* Data for processing *
━━━━━━━━

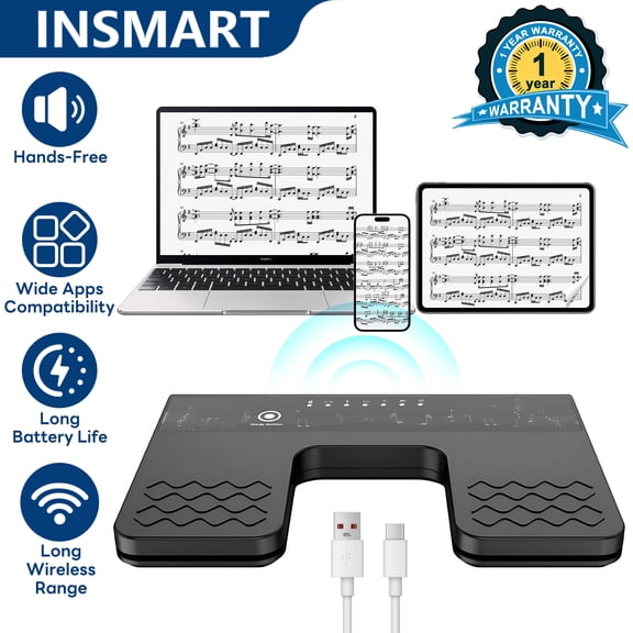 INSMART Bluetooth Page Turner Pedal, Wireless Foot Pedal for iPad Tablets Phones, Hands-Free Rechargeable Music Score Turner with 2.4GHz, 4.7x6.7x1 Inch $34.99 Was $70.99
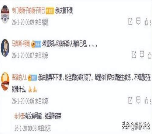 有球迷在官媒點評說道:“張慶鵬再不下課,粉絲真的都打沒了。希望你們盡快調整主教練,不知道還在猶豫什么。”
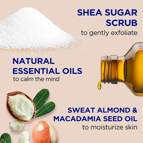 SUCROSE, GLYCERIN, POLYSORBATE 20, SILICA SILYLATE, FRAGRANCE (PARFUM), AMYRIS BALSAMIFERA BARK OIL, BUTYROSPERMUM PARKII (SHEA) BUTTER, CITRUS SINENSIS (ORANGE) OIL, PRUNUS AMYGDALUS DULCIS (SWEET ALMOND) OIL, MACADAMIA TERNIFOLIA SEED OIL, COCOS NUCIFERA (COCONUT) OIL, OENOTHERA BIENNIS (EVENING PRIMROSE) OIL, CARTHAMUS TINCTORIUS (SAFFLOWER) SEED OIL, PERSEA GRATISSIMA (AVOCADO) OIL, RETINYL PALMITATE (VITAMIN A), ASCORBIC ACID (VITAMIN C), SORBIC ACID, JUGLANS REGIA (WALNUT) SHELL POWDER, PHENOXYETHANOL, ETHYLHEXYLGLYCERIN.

━━━━━━━━

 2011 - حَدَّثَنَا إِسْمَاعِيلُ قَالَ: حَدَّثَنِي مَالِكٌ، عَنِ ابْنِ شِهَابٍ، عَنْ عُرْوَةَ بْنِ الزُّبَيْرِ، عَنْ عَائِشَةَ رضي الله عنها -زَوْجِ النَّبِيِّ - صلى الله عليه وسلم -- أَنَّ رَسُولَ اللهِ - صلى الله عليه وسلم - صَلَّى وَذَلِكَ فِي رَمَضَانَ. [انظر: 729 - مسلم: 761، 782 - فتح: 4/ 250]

━━━━━━━━

* Exercise objective *
With the pictures omitted, copy the entries above exactly from the line containing "INSMART Bluetooth Page" through the line containing "SUCROSE, GLYCERIN, POLYSORBATE", both lines included.

* Reply to the task *
 INSMART Bluetooth Page Turner Pedal, Wireless Foot Pedal for iPad Tablets Phones, Hands-Free Rechargeable Music Score Turner with 2.4GHz, 4.7x6.7x1 Inch $34.99 Was $70.99
 有球迷在官媒點評說道:“張慶鵬再不下課,粉絲真的都打沒了。希望你們盡快調整主教練,不知道還在猶豫什么。”
 SUCROSE, GLYCERIN, POLYSORBATE 20, SILICA SILYLATE, FRAGRANCE (PARFUM), AMYRIS BALSAMIFERA BARK OIL, BUTYROSPERMUM PARKII (SHEA) BUTTER, CITRUS SINENSIS (ORANGE) OIL, PRUNUS AMYGDALUS DULCIS (SWEET ALMOND) OIL, MACADAMIA TERNIFOLIA SEED OIL, COCOS NUCIFERA (COCONUT) OIL, OENOTHERA BIENNIS (EVENING PRIMROSE) OIL, CARTHAMUS TINCTORIUS (SAFFLOWER) SEED OIL, PERSEA GRATISSIMA (AVOCADO) OIL, RETINYL PALMITATE (VITAMIN A), ASCORBIC ACID (VITAMIN C), SORBIC ACID, JUGLANS REGIA (WALNUT) SHELL POWDER, PHENOXYETHANOL, ETHYLHEXYLGLYCERIN.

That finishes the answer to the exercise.